▼
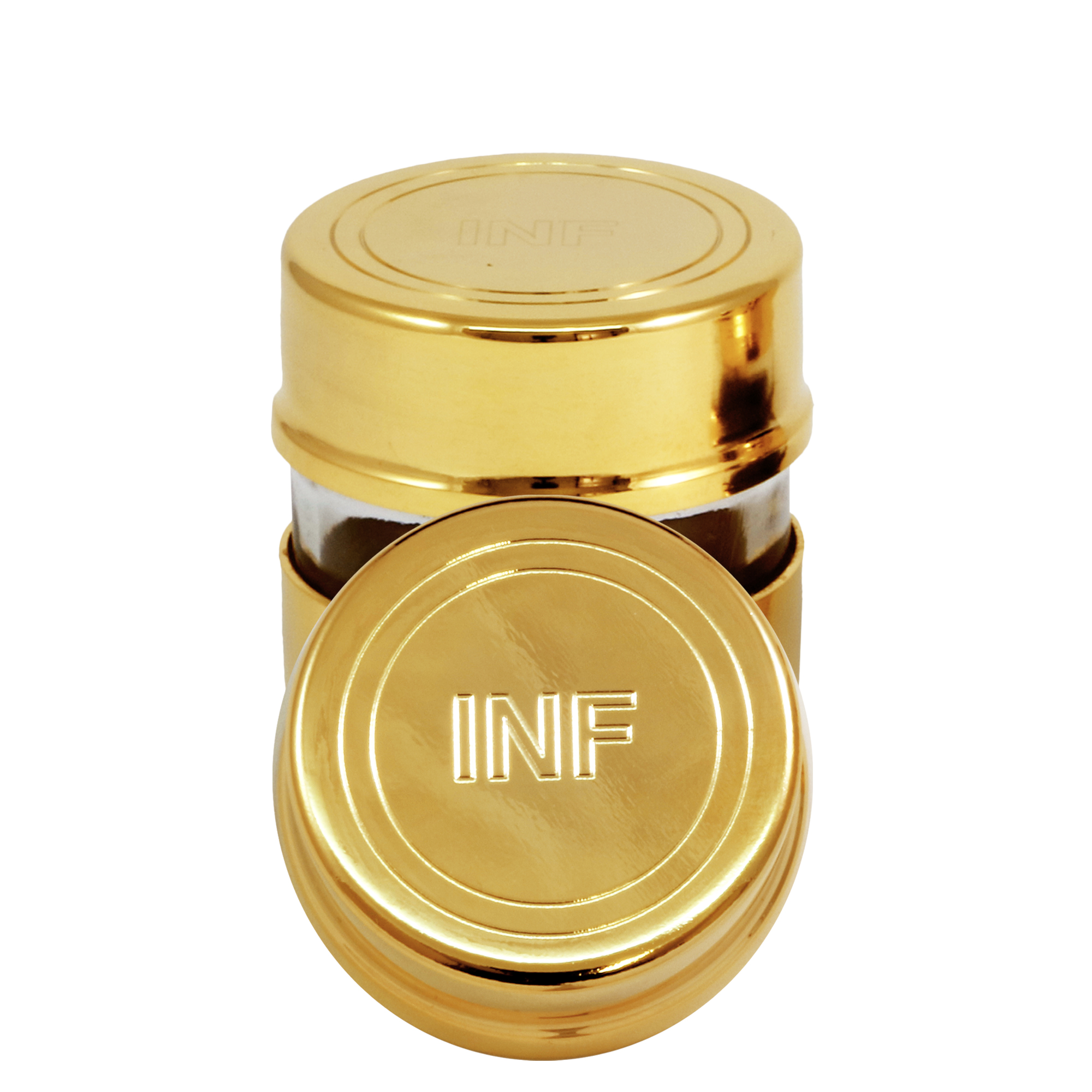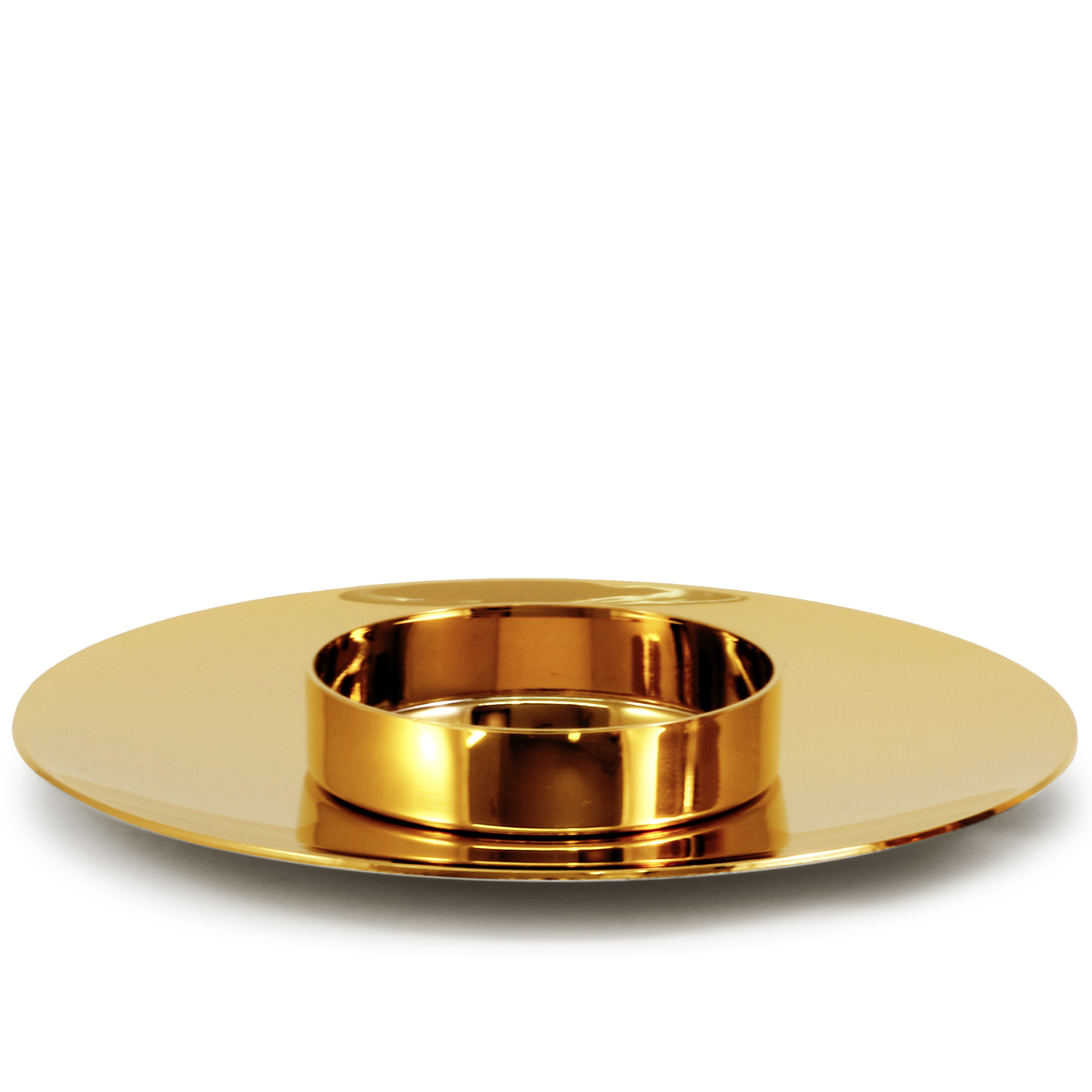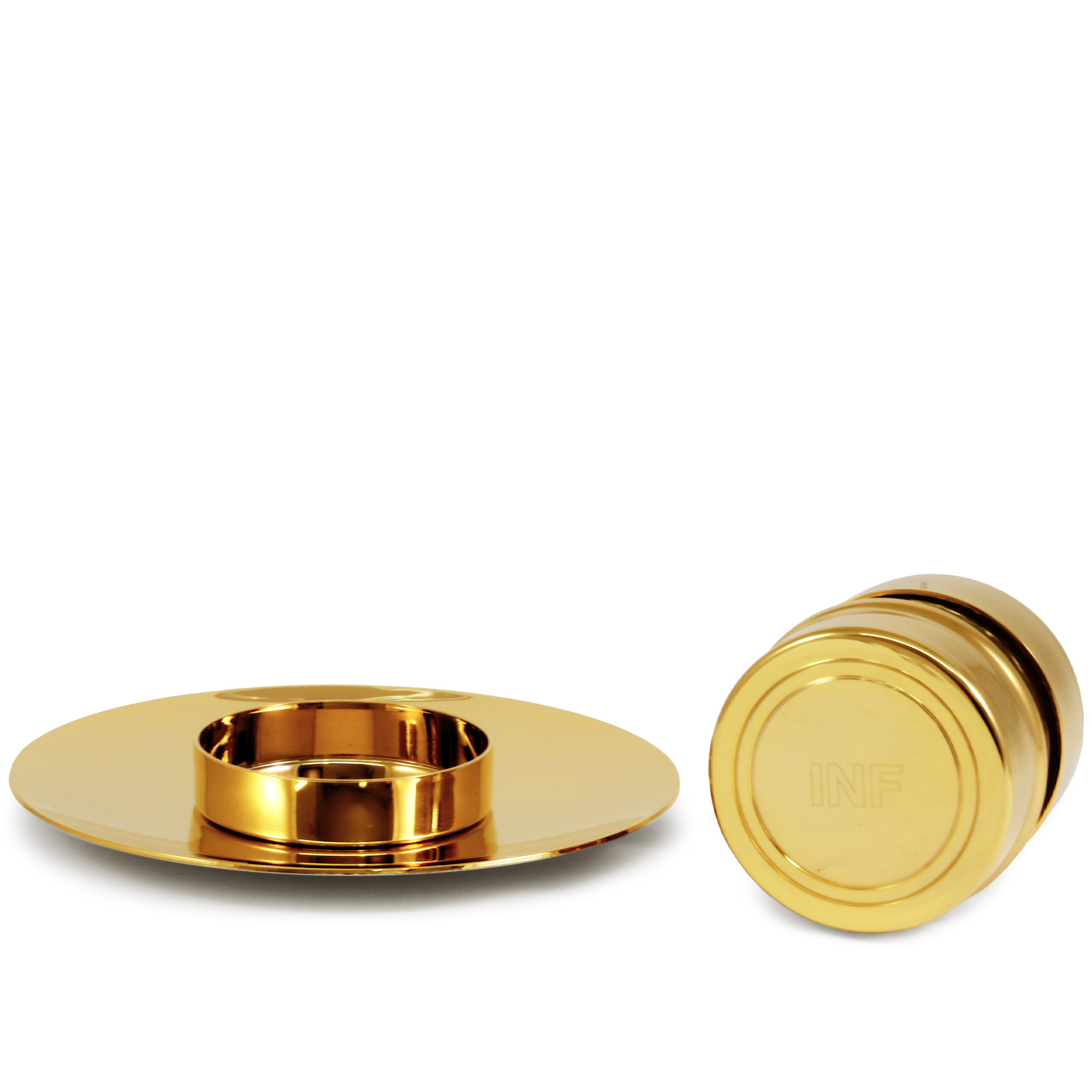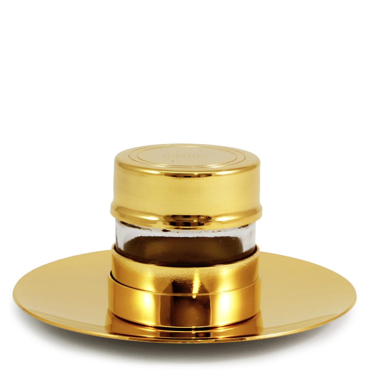 Gold-plated brass saucer with jar stand, complete with glass Holy Oils stock with protective gold-plated brass armor with INF engraved lid.
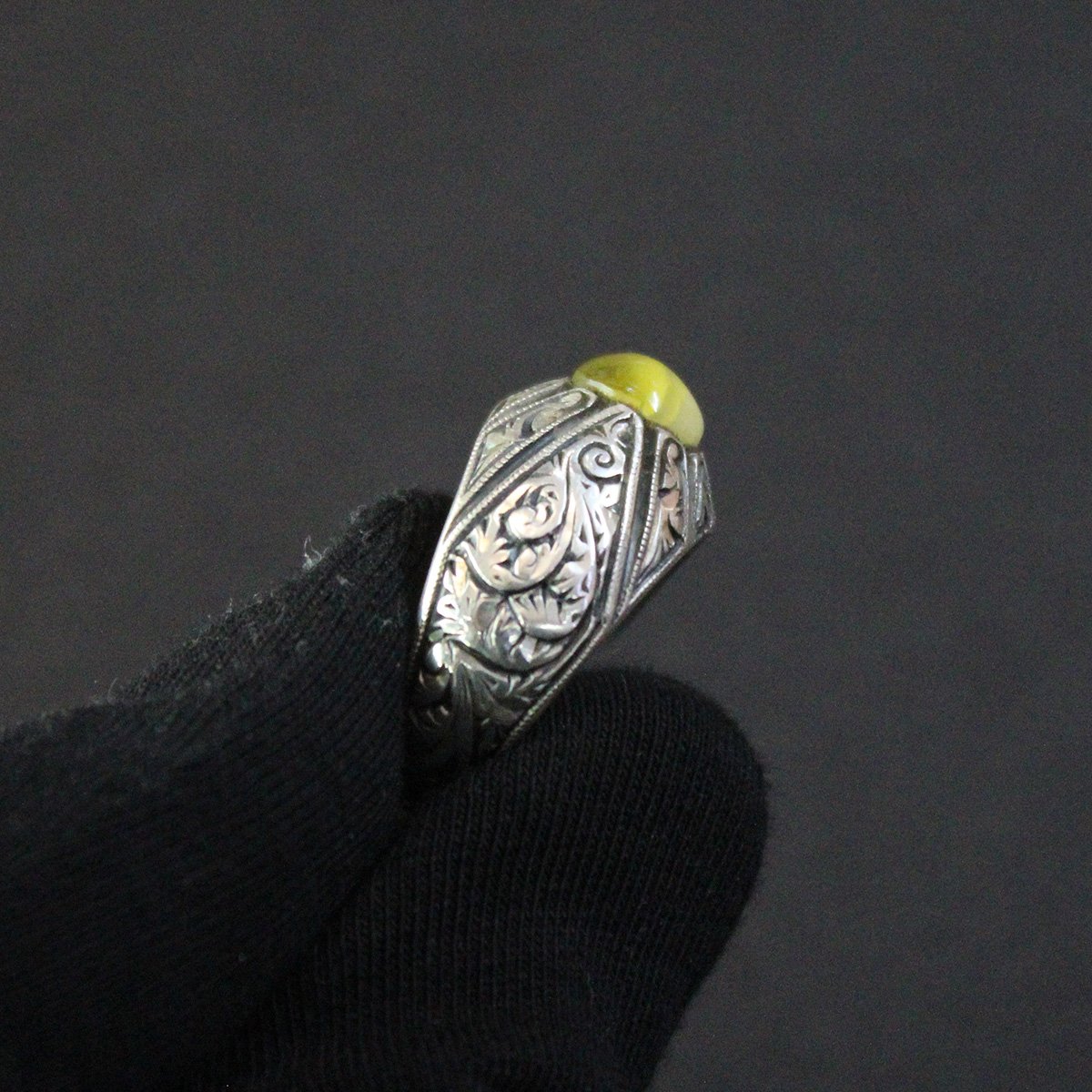 Kalem İşçiliği Gümüş Kaliningrad Damla Kehribar Erkek Yüzük
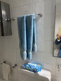 vasca bagno con seduta, mensola, specchio con luce, porta asciugamano, porta ospite e due ganci per accappatoii, wc, lavandino con rubinetteria inox, la cassetta del wc, doccia in vetro spesso e alluminio
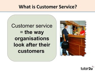 Customer service involves how organizations meet the needs of their customers. It is important for retaining existing customers and attracting new ones. Good customer service differentiates a company's products and keeps customers satisfied. It also provides valuable feedback. While technology has increased competition, customer service remains crucial as customers now expect their needs to be understood and issues addressed promptly. Organizations must listen to customers, build trust, handle complaints respectfully, strive to get things right the first time, empower employees, and go above expectations to keep customers happy.
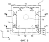 Фиг.5 показывает вариант осуществления устройства 7 управления пространственным положением, и фиг.6 показывает сечение, выполненное по линии VI-VI на фиг.5. Устройство 7 управления пространственным положением имеет раму, открытую с ее верхней стороны и образованную первым элементом 71 в виде плоской плиты и боковыми стенками 711. Данная рама может быть выполнена, например, из материала, представляющего собой аустенитную нержавеющую сталь. Второй элемент 72 в виде плоской плиты установлен между парами боковых стенок 711, 711, обращенных друг к другу, при этом вторые приводы 75, 75 расположены между вторым элементом 72 в виде плоской плиты и боковой стенкой 711. Соответствующее расстояние L предусмотрено между первым элементом 71 в виде плоской плиты и вторым элементом 72 в виде плоской плиты. Расстояние L является достаточно большим для того, чтобы предотвратить столкновение первого элемента 71 в виде плоской плиты и второго элемента 72 в виде плоской плиты друг с другом даже тогда, когда второй элемент 72 в виде плоской плиты наклонен. В проиллюстрированном варианте осуществления множество пружин 77, 77, расположено между боковой стенкой 711 и вторым элементом 72 в виде плоской плиты, как и второй привод 75, для удерживания второго элемента 72 в виде плоской плиты в плоскости X-Y.
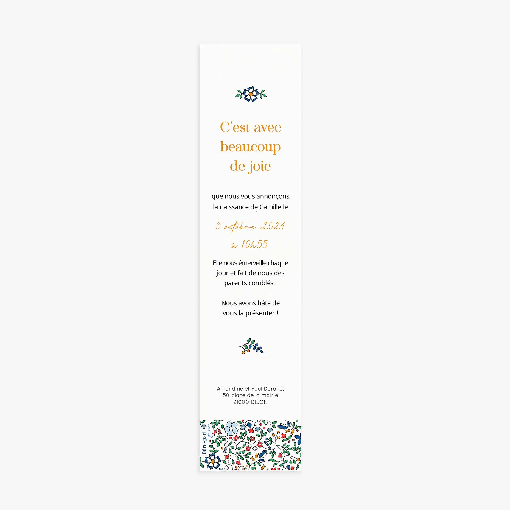 Accueil > Naissance > Faire-part de naissance > Faire-part naissance marque page liberty
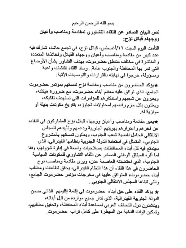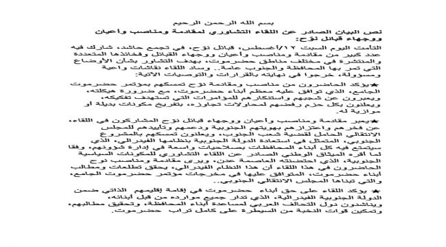 ★ يؤكد اللقاء على حق أبناء حضرموت في إقامة إقليمهم الذاتي ضمن الدولة الجنوبية الفيدرالية، الذي تدار جميع موارده من قبل أبنائه، ويناشدون دول التحالف العربي لمساعدة أبناء المحافظة، وتحقيق مطالبهم، وتمكين قوات النخبة من السيطرة على كامل تراب حضرموت.
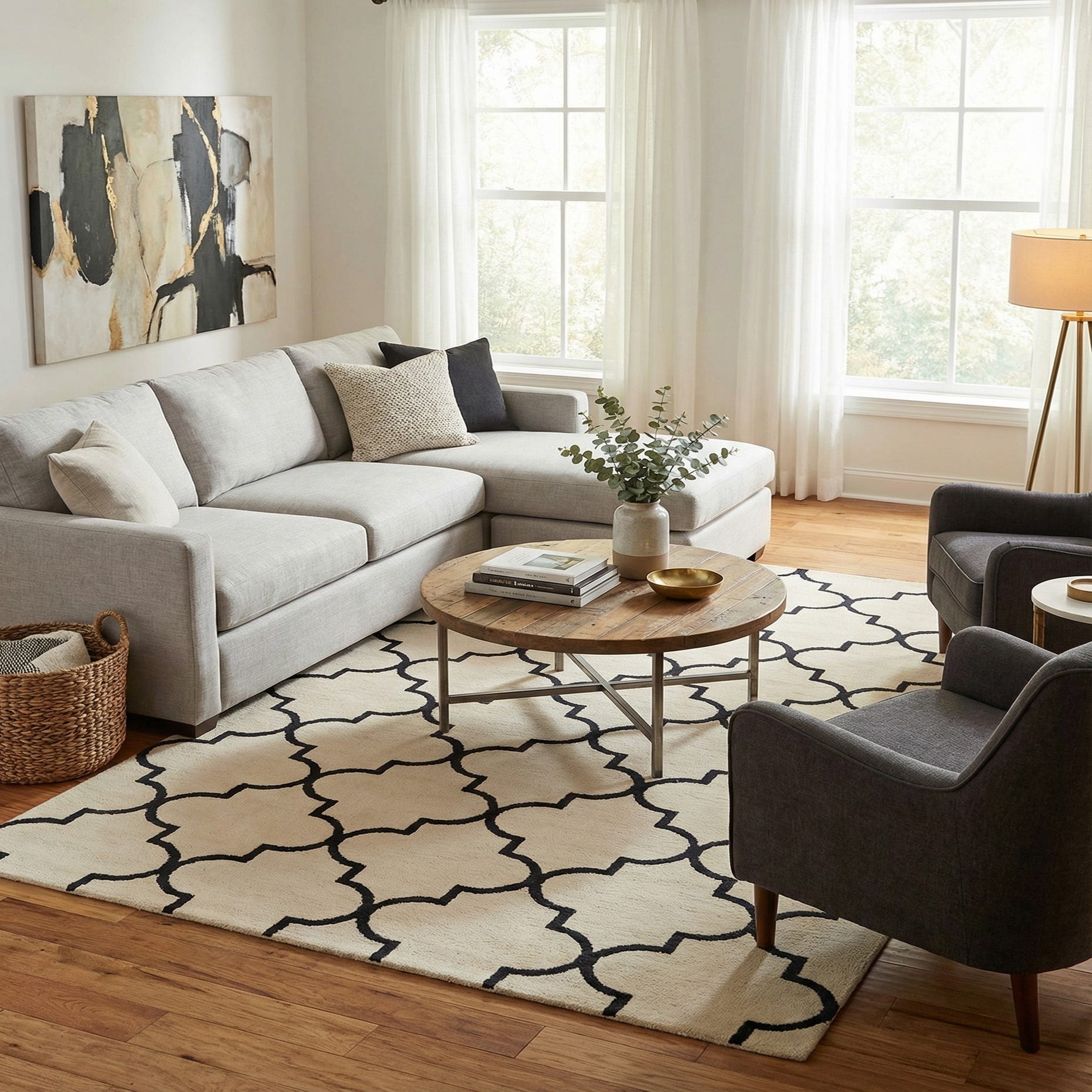 A 5x8 rectangular navy blue and beige modern area rug with a repeating quatrefoil pattern, suitable for a living room.
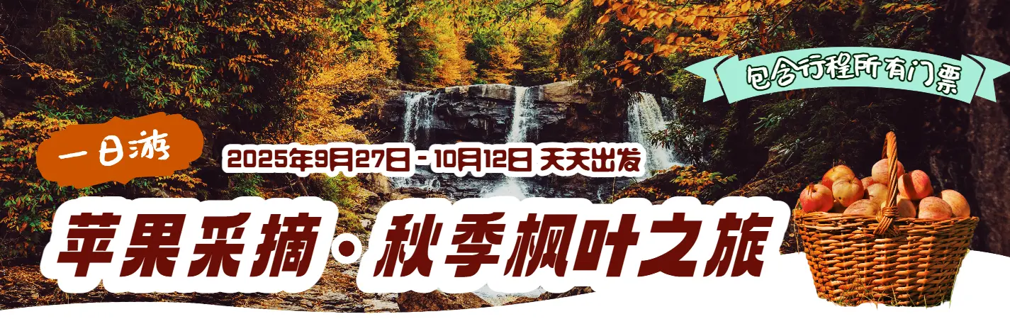 1日秋季赏枫游-丹伯里铁路博物馆-肯特瀑布-苹果采摘 (纽约出发)
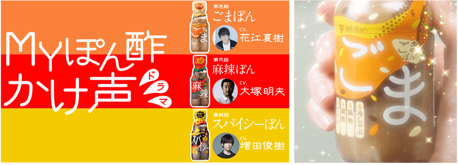 MYぽん酢をかける瞬間、いつものメニューに奇跡が起こる…。MYぽん酢をシズル感たっぷりに“かける”映像に、人気声優・花江夏樹さん、大塚明夫さん、増田俊樹さんが声を“かける”、奇跡の“かけ声”ドラマが誕生しました。「ミツカン MYぽん酢シリーズ」の1フレーバーにつき1話のドラマです。「第壱話 ごまぽんcv.花江夏樹」「第弐話 麻辣ぽんcv.大塚明夫」「最終話 スパイシーぽんcv.増田俊樹」と個性豊かな声優陣がそれぞれの物語を繰り広げます。
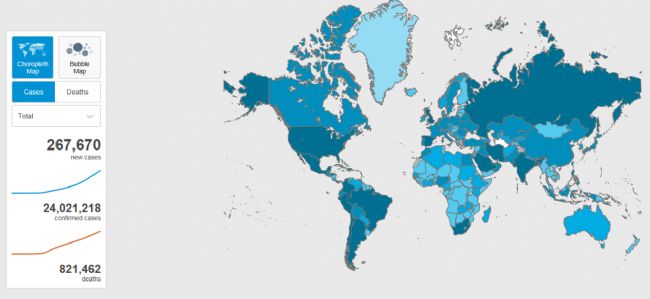 2020年,似乎來得更艱難一點。從去年12月份開始,新冠肺炎疫情(COVID-19)就像龍卷風一樣席卷全球,當前已在217個國家地區(qū)蔓延,全球確診超2402萬例,死亡破82萬例。新冠肺炎疫情構(gòu)成大流行的威脅“已經(jīng)變得非常真實”。
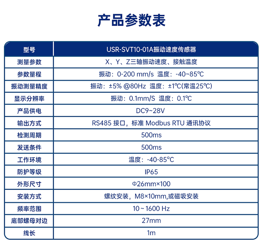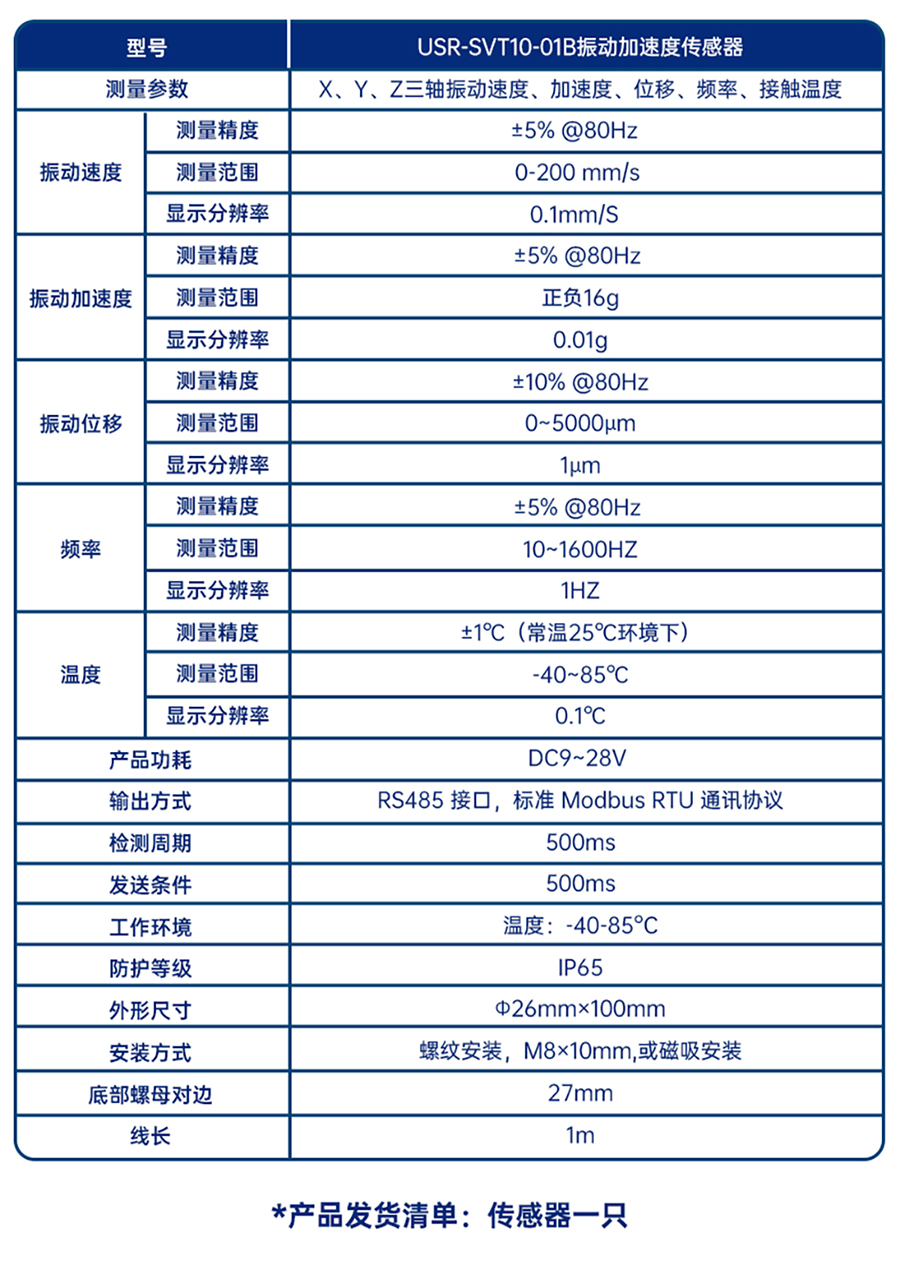 USR-SVT10-01B振动加速度传感器
▲
[Task prompt]: Set out nothing but the lines from the line with "A 5x8 rectangular" through the end of the material, reproduced exactly, both ends included, pictures omitted.

[Output of the task]:
 A 5x8 rectangular navy blue and beige modern area rug with a repeating quatrefoil pattern, suitable for a living room.
 1日秋季赏枫游-丹伯里铁路博物馆-肯特瀑布-苹果采摘 (纽约出发)
 MYぽん酢をかける瞬間、いつものメニューに奇跡が起こる…。MYぽん酢をシズル感たっぷりに“かける”映像に、人気声優・花江夏樹さん、大塚明夫さん、増田俊樹さんが声を“かける”、奇跡の“かけ声”ドラマが誕生しました。「ミツカン MYぽん酢シリーズ」の1フレーバーにつき1話のドラマです。「第壱話 ごまぽんcv.花江夏樹」「第弐話 麻辣ぽんcv.大塚明夫」「最終話 スパイシーぽんcv.増田俊樹」と個性豊かな声優陣がそれぞれの物語を繰り広げます。
 2020年,似乎來得更艱難一點。從去年12月份開始,新冠肺炎疫情(COVID-19)就像龍卷風一樣席卷全球,當前已在217個國家地區(qū)蔓延,全球確診超2402萬例,死亡破82萬例。新冠肺炎疫情構(gòu)成大流行的威脅“已經(jīng)變得非常真實”。
 USR-SVT10-01B振动加速度传感器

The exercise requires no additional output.